Introduction¶

The clock speed and processing power of a single computing core are not increasing anymore in the rate they used do in the past. Instead, increasing computing power is obtained by having more computing units running in parallel. This change in the computing environment requires algorithms to be modified to work in such a setting if one wants to use all the resources provided.

The classic figure below (source: H. Sutter, DDJ) shows how the clock speeds of CPUs stopped growing exponentially while the numbers of transistors in them kept increasing.

A more recent figure below (source: Max Rosser, OurWorldInData.org) shows that Moore’s law, telling that the number of transistor in a chip increases exponentially, has been holding at least until 2018:

_images/Transistor-Count-over-time-to-2018.png

As mentioned above, the increasing number of transistors has been used to having more computing units in a chip. This means that the programmers must change their algorithms and software so that they can use the parallel resources provided; see, for instance, this video by Intel explaining why “software free lunch” is over, meaning that the software developers cannot simply wait for faster chips but have to consider how to parallelize their code.

Multicore processors¶

In this round, we will focus on multithreaded algorithms run in multicore machines. In such machines, like standard desktop PCs and modern laptops, the processor contains multiple computing units, called CPU “cores”, running in parallel. The cores can communicate through shared memory. As an example, the figure below shows that architecture of a 12-core Intel processor (source: Intel 64 and IA-32 Architectures Optimization Reference Manual).

In this setting, code is run in parallel in different threads that have shared memory. Even in this setting, there are different levels of abstraction such as:

Programming with threads directly (using locks, semaphores etc to synchronize).
Using a concurrency platform. For instance, in the fork-join framework threads in a thread pool execute tasks in parallel.
Using a parallel collections library such as Scala parallel collections.
Using futures and promises.

In this course, we focus on the fork-join framework and see how they can be used to define methods in a parallel collections library. In fact, the Java fork-join framework, that we will use, is also used to implement the scala.collection.parallel library (documentation). In addition, we see how some algorithms, such as mergesort and other sorting algorithms, can be parallelized in the fork-join framework.

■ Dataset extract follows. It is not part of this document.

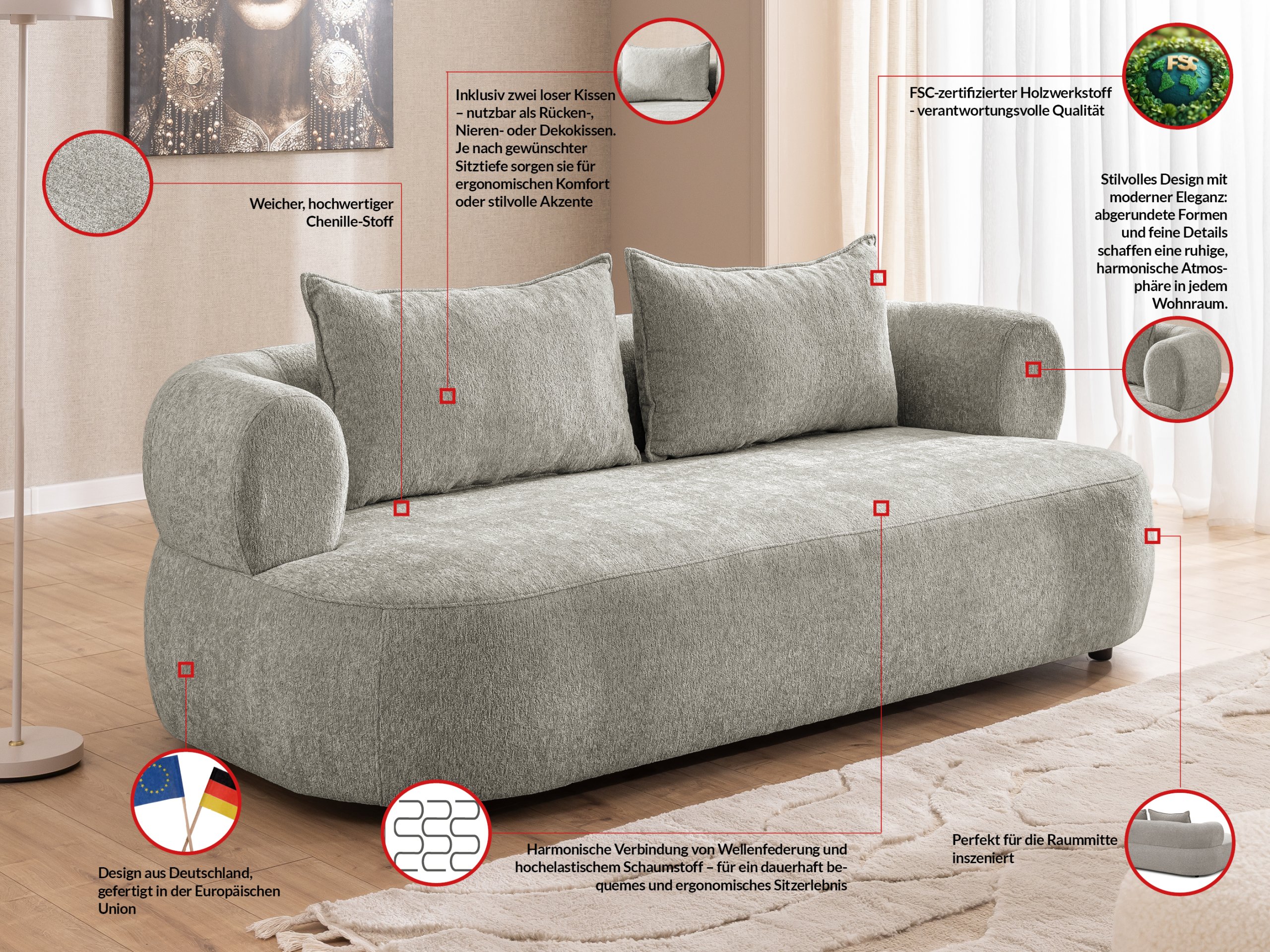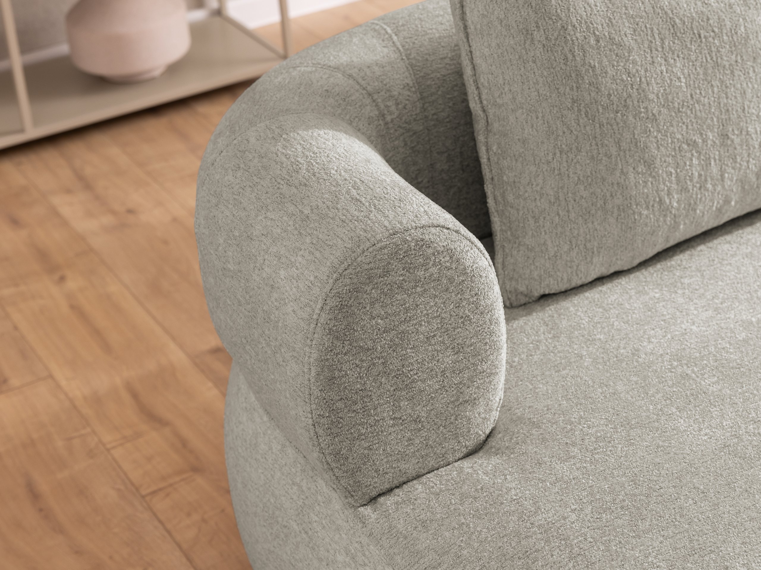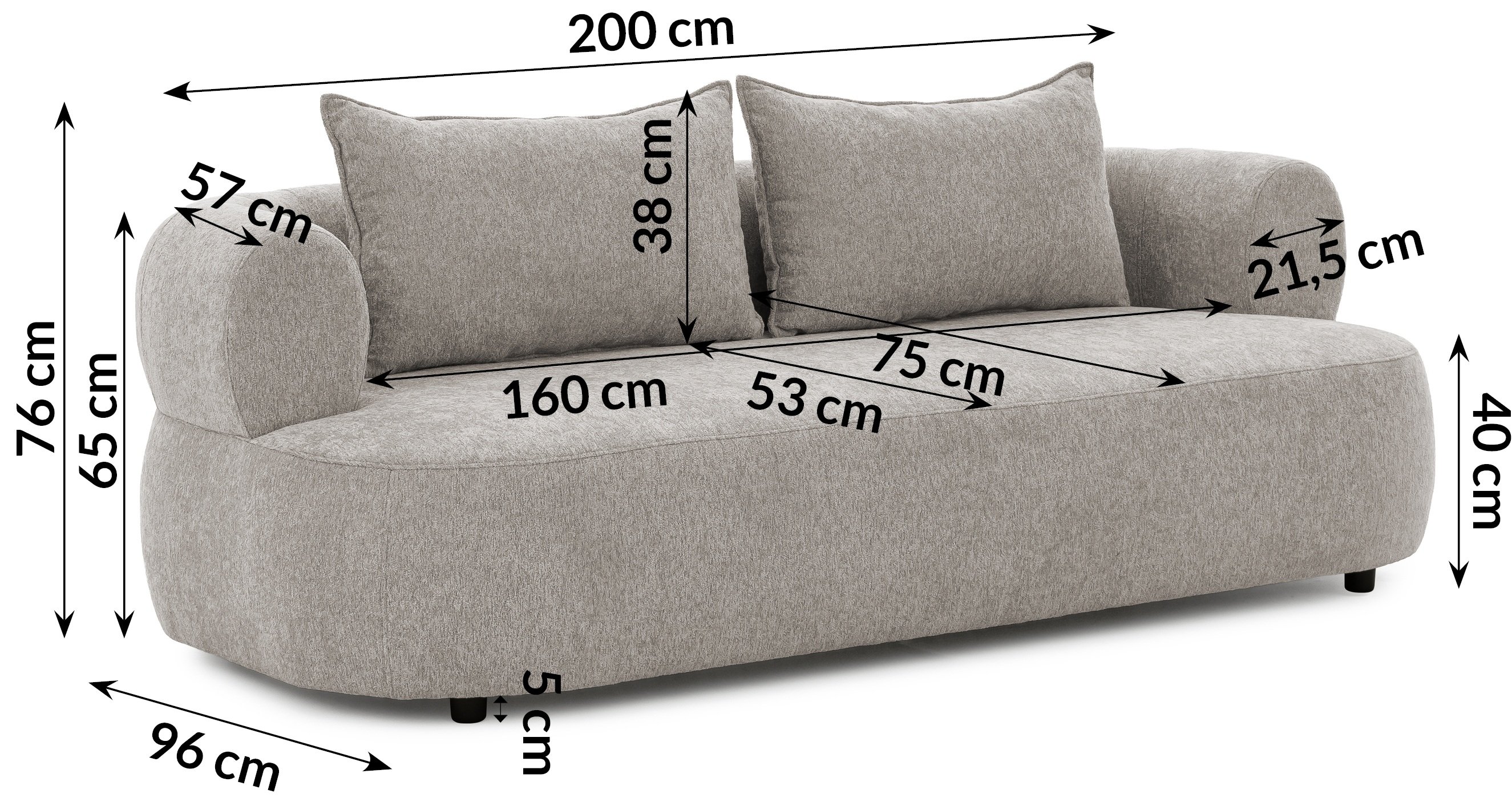 Svojim modernim stilom trosjed se lijepo uklapa u različite dekore – od svijetlih, skandinavskih ambijenata do nešto odvažnijih i šarenijih interijera. Zahvaljujući širokim naslonima za ruke (21,5 cm) te prostranom sjedalu (160 cm) nudi dovoljno prostora za opuštanje, čitanje knjige ili ugodno druženje uz kavu. Visina sjedala (40 cm) optimalna je za udobno ustajanje i sjedenje, što je posebno važno za starije osobe ili one koji žele veću udobnost.

Other parallel hardware systems¶

Multicore processors are only one kind of computing environment exhibiting parallelism.

The general-purpose graphics processing units, GPUs, have even a larger amount of cores in a chip. As an example, the figure below shows the architecture of the Kepler GK110/GK210 GPU having 192 cores and some other special units (source: NVIDIA Kepler TM GK110/210 whitepaper). Programming such GPUs is somewhat different to that of multicore processors: they typically use the single instruction, multiple threads (SIMT) paradigm, where a set of threads is executed in a synchronized manner. For low-level programming, one can use the CUDA or OpenCL programming platforms. Of course, one can also use thrust or some other libraries provided by NVIDIA and others.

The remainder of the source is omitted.